The planning docs are part of the repo's story: prd.md (what/why), architecture.md (how), phase.md (the build checklist with verification evidence), context.md (the build journal, including a full postmortem of a Supermemory ingest outage we diagnosed with a logging proxy).

Development

npm run build              # tsc -b across the workspace
npm run test:recommender   # unit tests for the deterministic ranking stages
npm run validate:starter   # starter cards vs schema
npx tsx scripts/validate-catalog.ts   # full catalog + checksum sweep
npm run pipeline:run       # run the discovery pipeline locally (needs LLM key)
npm run smoke:phase2       # end-to-end memory round-trip (needs Supermemory Local)

How this uses Supermemory Local (hackathon summary)
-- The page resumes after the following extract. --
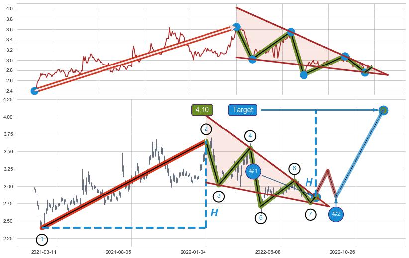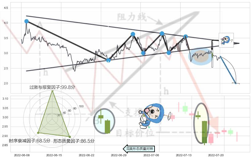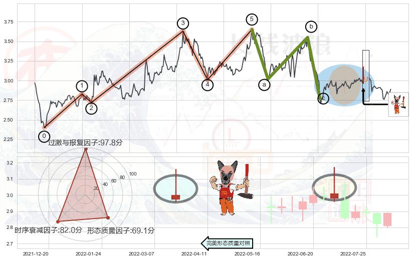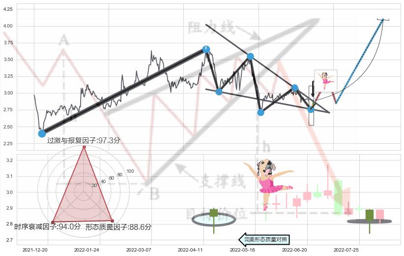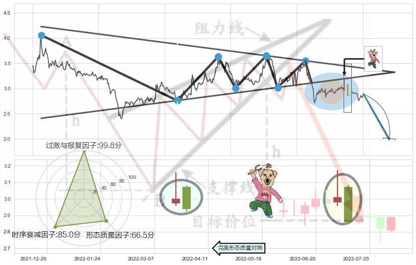 ➢ 【买1】: 激进型 买点 →(2022-08-12: 2.849 )形成突破降🚩楔型【整理】形态
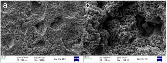 SEM figure on the surface of blank control sample. (a) ×200, (b) ×1000.

AgentStack Radar uses Supermemory Local as its entire memory layer: the public capability catalog is stored as semantic narratives in a catalog container so projects can find tools by meaning; every project gets a private project_<slug> container for its profile and constraints; and every accept/reject decision and end-of-project verdict is written to a user-level experience container. At recommendation time the CLI searches all three — candidates from catalog, context from the project container, and lessons from past projects retrieved by similarity from experience — so the same question gets a measurably better answer after every project you finish. Storage, search, and embeddings all run locally; the only things that ever leave the machine are pulls of the public catalog JSON and calls to the LLM provider you configured.

Known limitations

  • v1 targets Claude Code (the adapter interface makes Cursor/Codex a clean add).
  • Free-tier LLM rate limits pace the pipeline (batching + retry + requeue handle it; the daily volume is small).
  • See todo.md for the honest deferred-issues list from our pre-ship bug scan.